# Variational Auto-Encoder
Trained using the code in https://github.com/kaletap/Sentence-VAE (fork of timbmg/Sentence-VAE github repo).

In [18]:
import json
import os
import sys

import torch
from nltk.tokenize import TweetTokenizer

In [11]:
sys.path.append('../Sentence-VAE')
from model import SentenceVAE
from ptb import PTB
from utils import idx2word

## Loading 

In [3]:
params =  {
     "vocab_size": 9877,
     "sos_idx": 2,
     "eos_idx": 3,
     "pad_idx": 0,
     "unk_idx": 1,
     "max_sequence_length": 60,
     "embedding_size": 300,
     "rnn_type": "gru",
     "hidden_size": 256,
     "word_dropout": 0,
     "embedding_dropout": 0.5,
     "latent_size": 16,
     "num_layers": 1,
     "bidirectional": False
 }

In [4]:
model = SentenceVAE(**params)
model.load_state_dict(torch.load('../Sentence-VAE/bin/2020-Oct-08-13:44:02/E9.pytorch'))

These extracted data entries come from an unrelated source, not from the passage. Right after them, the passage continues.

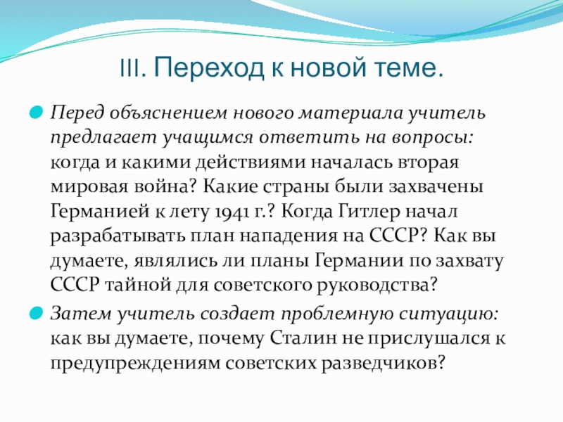 Затем учитель создает проблемную ситуацию: как вы думаете, почему Сталин не прислушался к предупреждениям советских разведчиков?
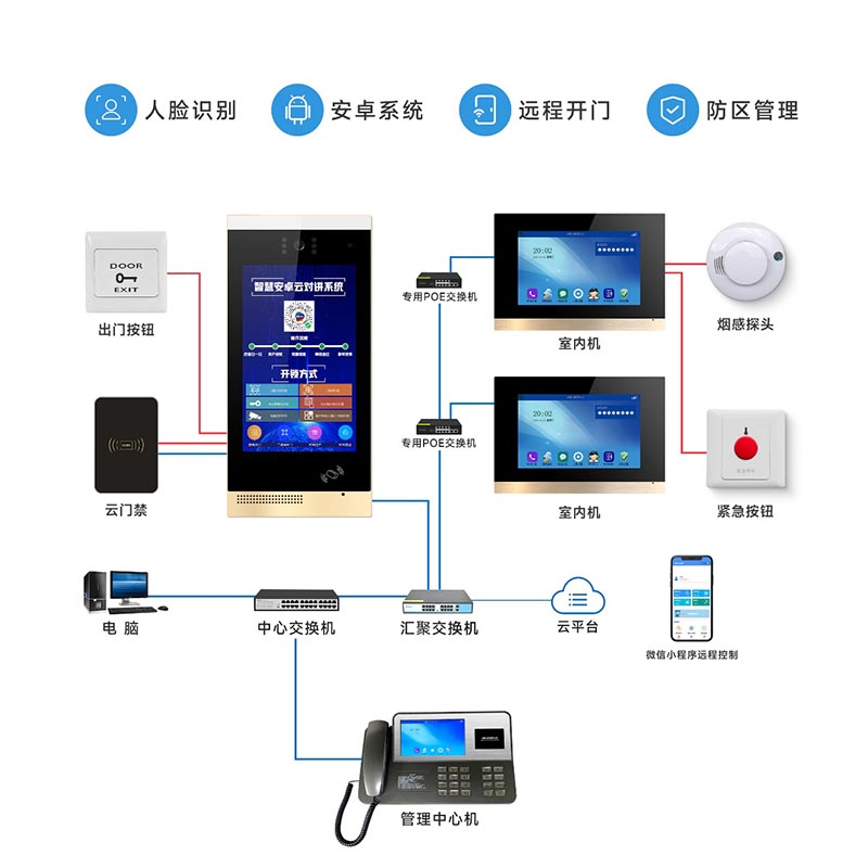 門禁對(duì)講一體機(jī)、門鎖、閉門器,電源等設(shè)備。門禁對(duì)講一體機(jī)實(shí)現(xiàn):圖文視頻廣告在線播放,支持人臉識(shí)別開鎖,密碼開鎖,IC刷卡開鎖,可對(duì)接呼叫數(shù)字分機(jī)開鎖,模擬分機(jī)開鎖,電梯聯(lián)動(dòng)等功能,系統(tǒng)可在線遠(yuǎn)程升級(jí)維護(hù)。將前端人員出入刷卡開鎖的身份信息、數(shù)據(jù)信息及采集到的各種門禁記錄等信息后傳回到系統(tǒng)后臺(tái)進(jìn)行處理。
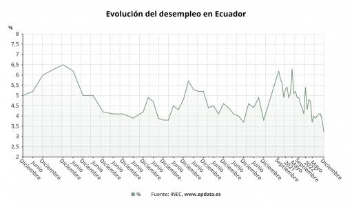 Este gráfico acompaña a la noticia titulada: Ecuador cerró el año 2022 con una tasa de desempleo del 3,2%, casi un punto menos que en 2021
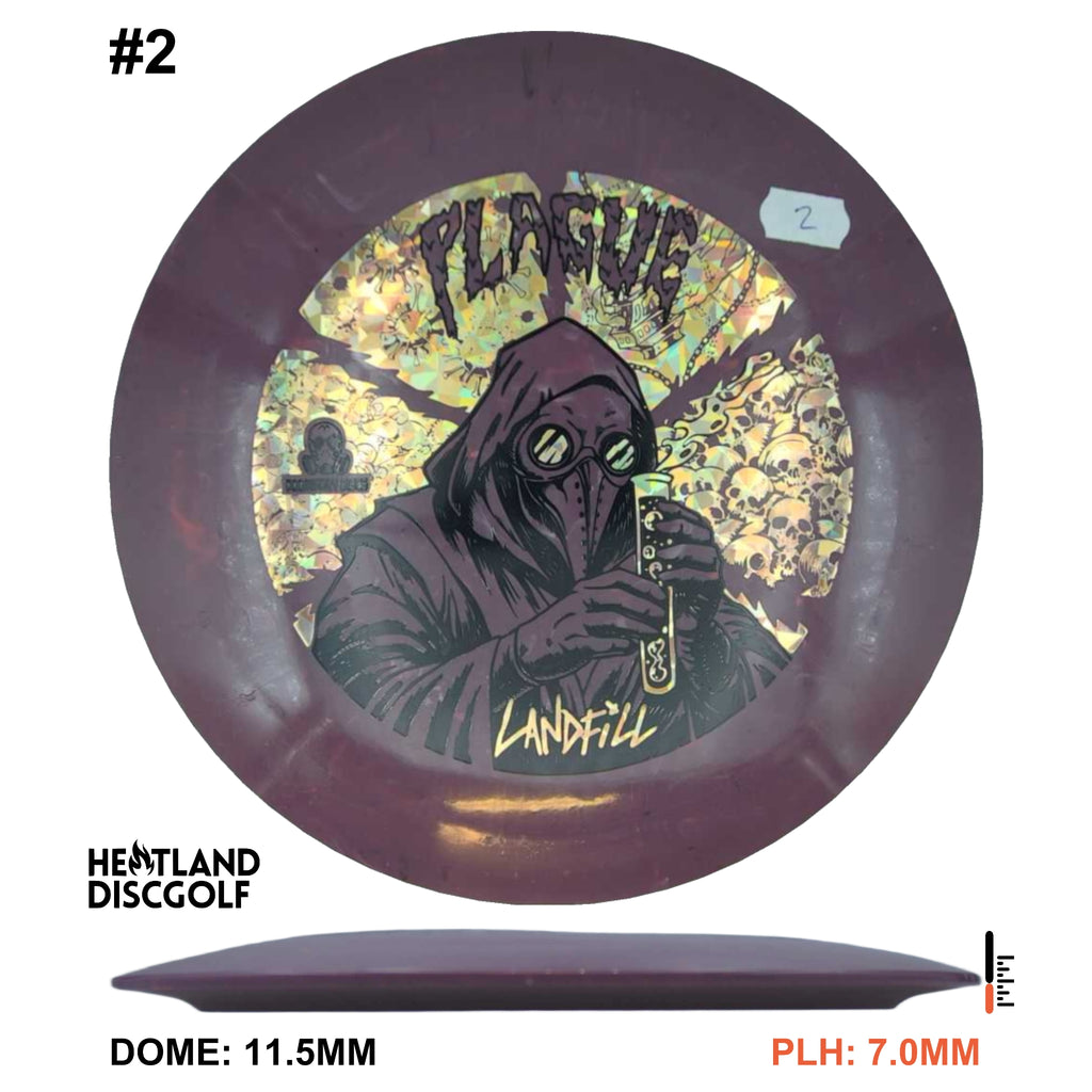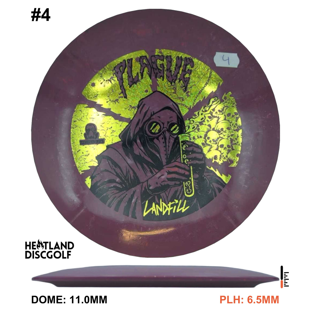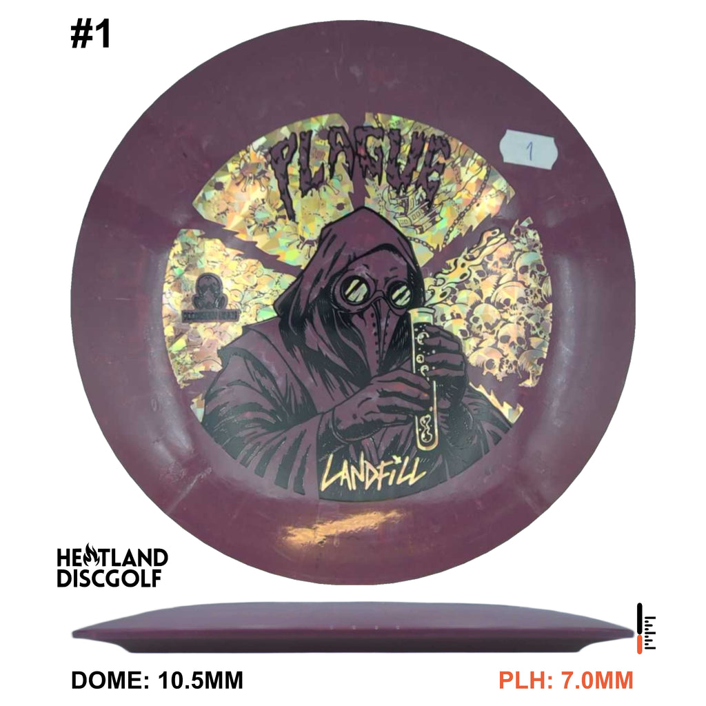 The Doomsday Discs Landfill Plague is a budget-friendly distance driver molded from recycled materials for sustainable performance. Landfill plastic varies slightly in texture but maintains a comfortable grip and consistent overstability. The Doomsday Discs Plague in this blend provides reliable fade and strong stability at an accessible price point.

<All keys matched successfully>

In [5]:
device = torch.device('cuda')
model.to(device)

SentenceVAE(
  (embedding): Embedding(9877, 300)
  (embedding_dropout): Dropout(p=0.5, inplace=False)
  (encoder_rnn): GRU(300, 256, batch_first=True)
  (decoder_rnn): GRU(300, 256, batch_first=True)
  (hidden2mean): Linear(in_features=256, out_features=16, bias=True)
  (hidden2logv): Linear(in_features=256, out_features=16, bias=True)
  (latent2hidden): Linear(in_features=16, out_features=256, bias=True)
  (outputs2vocab): Linear(in_features=256, out_features=9877, bias=True)
)

In [6]:
with open('../Sentence-VAE/data/ptb.vocab.json', 'r') as file:
    vocab = json.load(file)

w2i, i2w = vocab['w2i'], vocab['i2w']

## Usage

### Sampling

In [14]:
samples, z = model.inference(n=10)

In [16]:
samples.shape

torch.Size([10, 60])

In [17]:
print(*idx2word(samples, i2w=i2w, pad_idx=w2i['<pad>']), sep='\n')

the house version of the house ' s <unk> bill is a <unk> reminder <eos>
the <unk> of the <unk> <unk> <unk> that has been <unk> by the <unk> of the <unk> and <unk> <unk> <unk> <unk> & <unk> <unk> <unk> & woods <eos>
in a separate <unk> <unk> <unk> and <unk> <unk> & son of the <unk> group of the company ' s <unk> trucking corp . said it agreed to buy its <unk> businesses for a <unk> of <unk> <unk> <eos>
the company said the company has been completed in the past year <eos>
the company said it will be a <unk> of the <unk> of the <unk> of the <unk> of the <unk> <eos>
the board is subject to approval of a definitive agreement between the company ' s common stock and warrants to sell the stock of the <unk> of the <unk> <eos>
cross & trecker is a <unk> <unk> in newark n . y . in los angeles <eos>
mr . <unk> says he believes the market is n't going to be done <eos>
in a separate speech prepared by mr . bush ' s office of justice department ' s office in washington d . c . a . <unk> by moscow o

We see a classic problem in generated sentences: a lot of `<unk>` predictions. I think we should either disable `<unk>` prediction or use something like BPE tokenizer like in GPT or Roberta (or WordPiece tokenizer used in Bert). Besides, generated examples kind of suck.

### Encoding-decoding
We want to take any sentence, and obtain it's hidden representation ($z$, encoding). Then, we shall decode it and see how generated sentence looks like. That will allow us to work on hidden space and interpolate between two actual sentences.

In [51]:
class Tokenizer:
    def __init__(self, w2i: dict, max_sequence_length: int = 512):
        self.w2i = w2i
        self.max_sequence_length = max_sequence_length
        self.tokenizer = TweetTokenizer(preserve_case=False)
        
    def tokenize(self, line: str):
        words = self.tokenizer.tokenize(line)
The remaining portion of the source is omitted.